Japan's approach to Southeast Asia is two-pronged. First, it has undertaken greater engagement by sending, on a frequent basis, Japan Maritime Self Defense Forces (JMSDF) and its ships throughout the region. It also conducts bilateral and multilateral exercises with its partner countries. It has donated multiple patrol boats, maritime surveillance aircraft, and helicopter spare parts to the Philippines, Vietnam, and Malaysia.
Japan's premise is that if it is able to help buttress their maritime capacity, these countries could play a vital role in the Indo-Pacific strategy, which is intended to address an ‘assertive’ China as well as ensure a ‘free and open’ SCS. After all, 80 percent of Japan's oil supply and 70 percent of its trade pass through these waters. Perhaps in an attempt to camouflage much of this security assistance, Japan’s International Cooperation Agency (JAICA) and the Japanese Coast Guard use Overseas Development Assistance programmes to provide support, with very few directly routed through the Ministry of Defence.
Second, Japan is interested in further enhancing economic and developmental assistance to the region. It is interesting to note that despite a lot noise about BRI, Japan is still ahead of China in terms of its economic assistance Southeast Asian countries.

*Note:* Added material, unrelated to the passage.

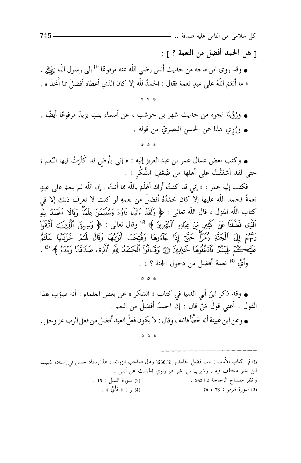 وقد ذكر ابنُ أبي الدنيا في " كتاب الشكر " (¬7) عن بعض العُلماء أنَّه صوَّب هذا القولَ: أعني قولَ من قال: إنَّ الحمدَ أفضلُ من النِّعم، وعن ابن عُيينة أنَّه خطَّأ قائلَه، قال: ولا يكون فعلُ العبدِ أفضلَ من فعلِ الربِّ - عز وجل - (¬8) .
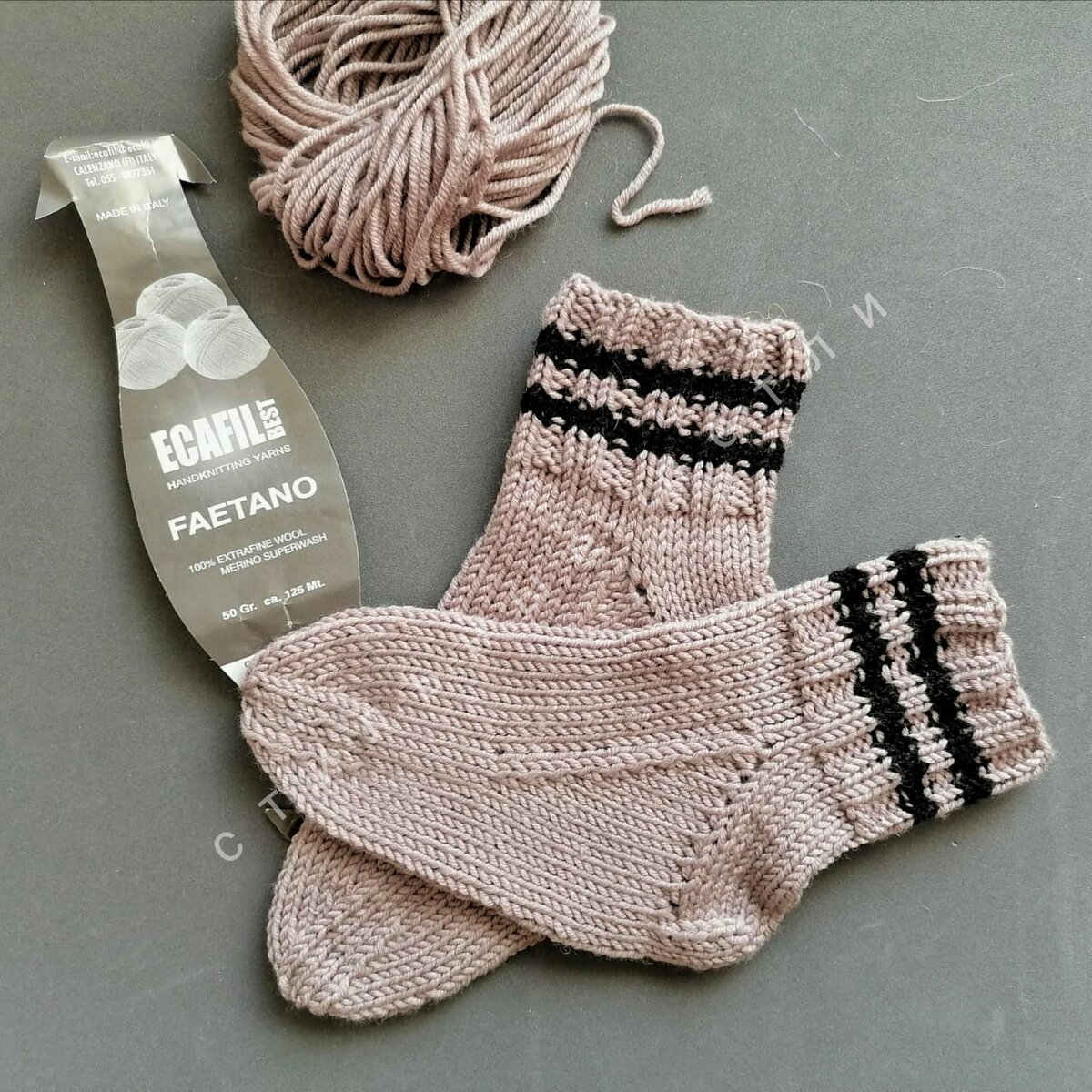 Вязаные женские, мужские и детские носочки - лучший подарок для ваших ног в холода. С чем ассоциируется вязание спицами у большинства людей? В первую очередь с теплыми носочками из шерстяной пряжи. И чаще всего мы помним из детства, что носили очень колючие носки, связанные из остатков пряжи, обычно в полоску, разноцветные. Но мир не стоит на месте. Технологии развиваются, человечество стремится к комфорту. Новые технологии приходят и в сферу обработки натуральной шерсти. Очень важные качества для волокон – это комфорт для кожи, чтобы не приходилось, как в детстве, поддевать хлопковые носочки. А еще очень важно, чтобы изделия не садились при машинной стирке. Я выбираю пряжу Faetano от Ecafil Best, меринос с качествами super wash. В названии волокон слово superwash появляется после того, как шерсть прошла определенную обработку. При всем процессе воздействия качество шерсти частично утрачиваются. Но в результате изделия из шерстяной пряжи можно стирать, что очень актуально для таких

At present, Japanese involvement in various regional projects is worth US$ 367 billion. This is more than Chinese involvement in these projects, which adds up to US$ 255 billion. Japanese assistance is dispersed quite widely across the region, with engagement in Vietnam, Indonesia, Singapore, the Philippines, Malaysia and Thailand, with the first three receiving a lion's share of the assistance. China is engaged in building the East Coast Rail project in Malaysia, and investing in the Philippines' 'Build, Build, Build' infrastructure initiative.
These countries appear to be more at ease with receiving Japanese economic assistance than Chinese because of reports about its 'debt trap' diplomacy through BRI, which has been witnessed recently Sri Lanka, Djibouti, and the Maldives. In fact, Japan’s consistent economic support has provided the strategic space to many of these countries to renegotiate terms with China. Malaysian Prime Minister Mahathir Mohammad, for example, initially cancelled the East Coast Rail Link project with China in August 2018, and revived it only after renegotiation that has resulted in a substantial reduction of costs that Malaysia would have to bear.

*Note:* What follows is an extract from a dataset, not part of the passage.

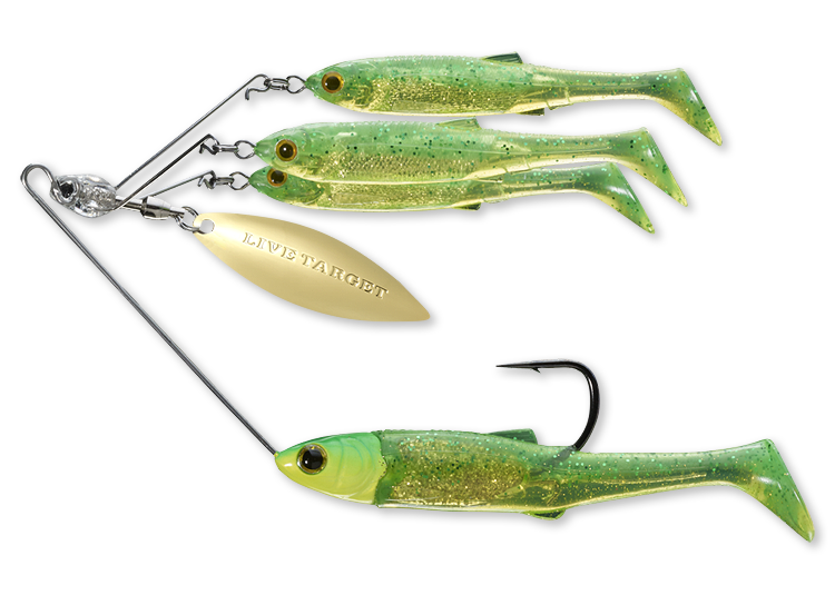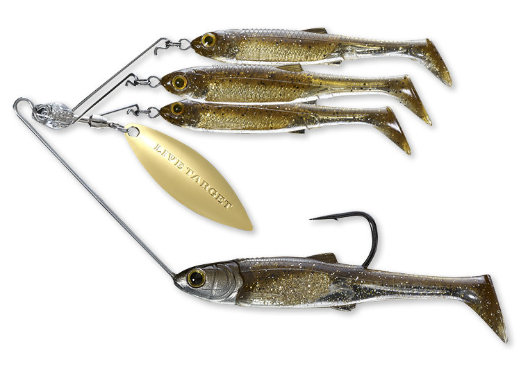 • The LIVETARGET BaitBall Spinner Rig Umbrella Rig combines the anatomically accuracy of realistic baitfish swimbaits, the vibrations of a spinner blade, and the school of fish presentation of an Alabama rig.

Given China's military might, deep pockets, geographical proximity, and historical-cultural linkages to Southeast Asia, it is going to be a gargantuan task for Japan to pose itself an alternative on an equal footing. At the same time, it is possible for Japan to limit strategic space for China in the region and reduce its options–particularly if this is undertaken in conjunction with the US, India, and Australia.